#### Data in this exercise

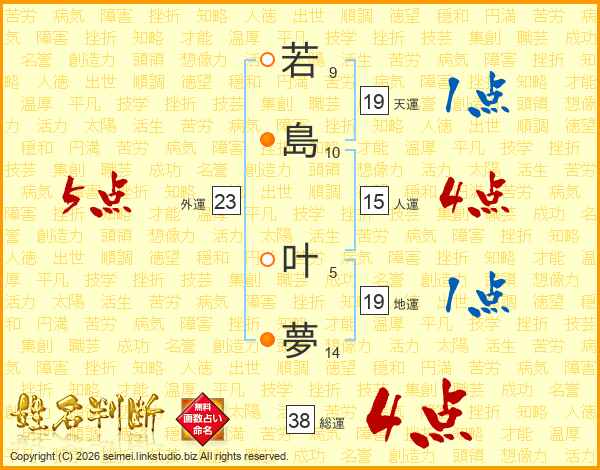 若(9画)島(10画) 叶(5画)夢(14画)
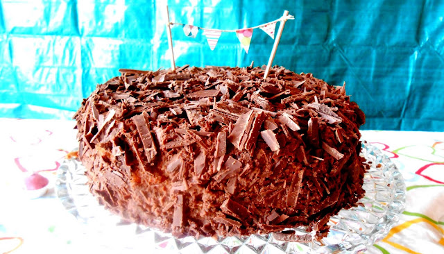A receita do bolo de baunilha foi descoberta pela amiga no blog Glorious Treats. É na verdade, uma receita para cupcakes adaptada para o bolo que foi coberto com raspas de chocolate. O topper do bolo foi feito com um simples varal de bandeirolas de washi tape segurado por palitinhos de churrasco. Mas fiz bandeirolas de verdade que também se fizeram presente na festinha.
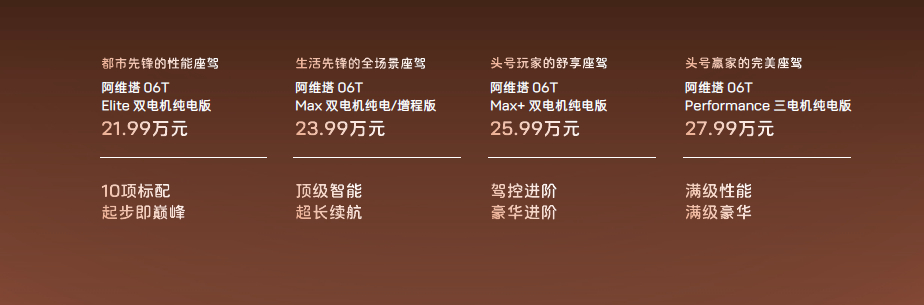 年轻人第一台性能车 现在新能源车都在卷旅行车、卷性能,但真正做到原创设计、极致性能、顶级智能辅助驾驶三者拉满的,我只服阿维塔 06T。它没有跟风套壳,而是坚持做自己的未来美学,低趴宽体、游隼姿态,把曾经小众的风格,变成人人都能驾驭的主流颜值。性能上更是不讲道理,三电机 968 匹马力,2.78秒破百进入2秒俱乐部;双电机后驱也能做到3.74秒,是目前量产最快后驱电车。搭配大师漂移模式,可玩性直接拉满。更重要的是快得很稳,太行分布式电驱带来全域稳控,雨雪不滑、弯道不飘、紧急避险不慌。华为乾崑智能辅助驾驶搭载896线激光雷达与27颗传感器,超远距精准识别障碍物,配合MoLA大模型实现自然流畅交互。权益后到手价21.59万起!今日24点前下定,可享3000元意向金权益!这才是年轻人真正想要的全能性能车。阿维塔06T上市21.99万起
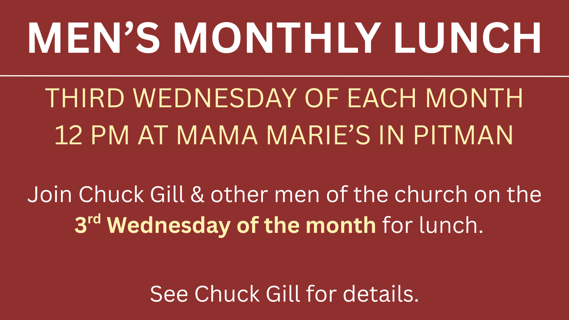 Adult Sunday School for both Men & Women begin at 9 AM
...
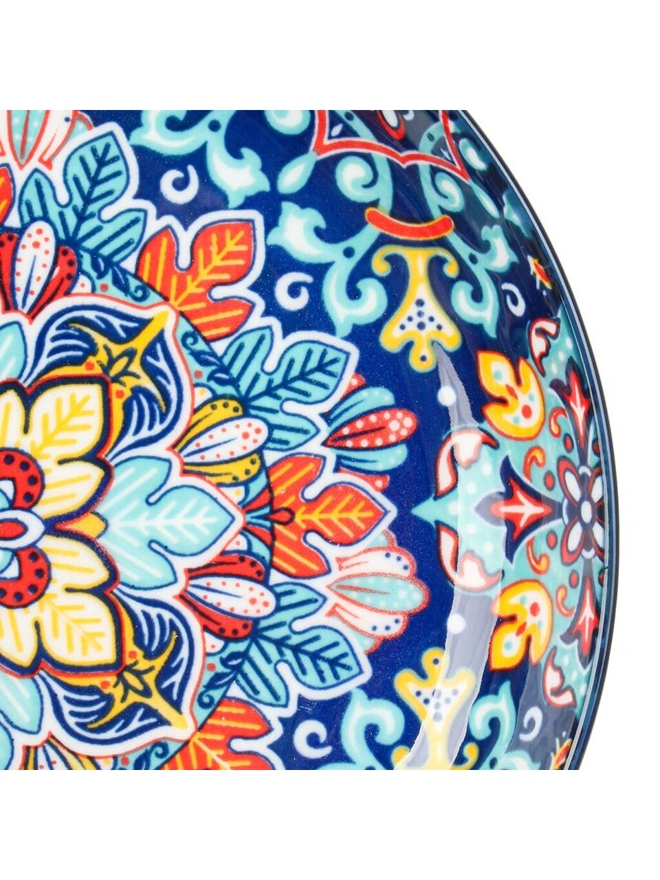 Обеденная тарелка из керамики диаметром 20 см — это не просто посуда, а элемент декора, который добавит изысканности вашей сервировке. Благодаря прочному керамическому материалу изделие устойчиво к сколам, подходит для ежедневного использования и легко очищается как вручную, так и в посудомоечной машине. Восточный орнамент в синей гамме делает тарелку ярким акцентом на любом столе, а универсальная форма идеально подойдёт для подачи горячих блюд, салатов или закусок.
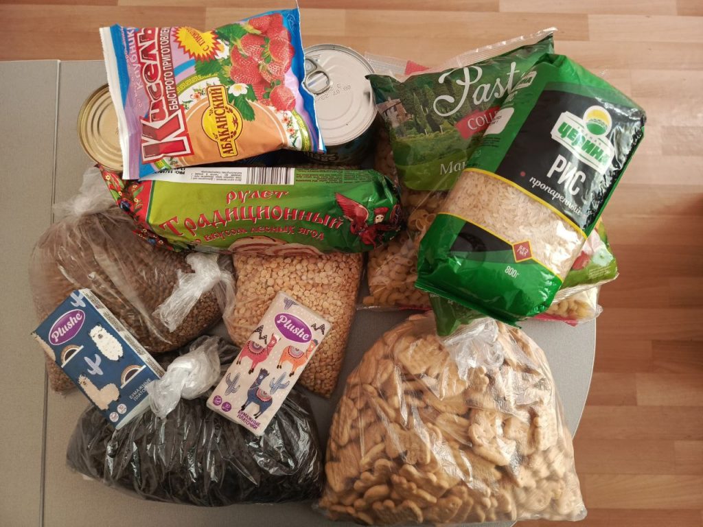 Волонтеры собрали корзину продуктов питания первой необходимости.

#### Brief
While skipping the pictures, transcribe the data above from the line showing "Обеденная тарелка из" through the line showing "Волонтеры собрали корзину", exactly and with both ends.

#### Exercise answer
 Обеденная тарелка из керамики диаметром 20 см — это не просто посуда, а элемент декора, который добавит изысканности вашей сервировке. Благодаря прочному керамическому материалу изделие устойчиво к сколам, подходит для ежедневного использования и легко очищается как вручную, так и в посудомоечной машине. Восточный орнамент в синей гамме делает тарелку ярким акцентом на любом столе, а универсальная форма идеально подойдёт для подачи горячих блюд, салатов или закусок.
 Волонтеры собрали корзину продуктов питания первой необходимости.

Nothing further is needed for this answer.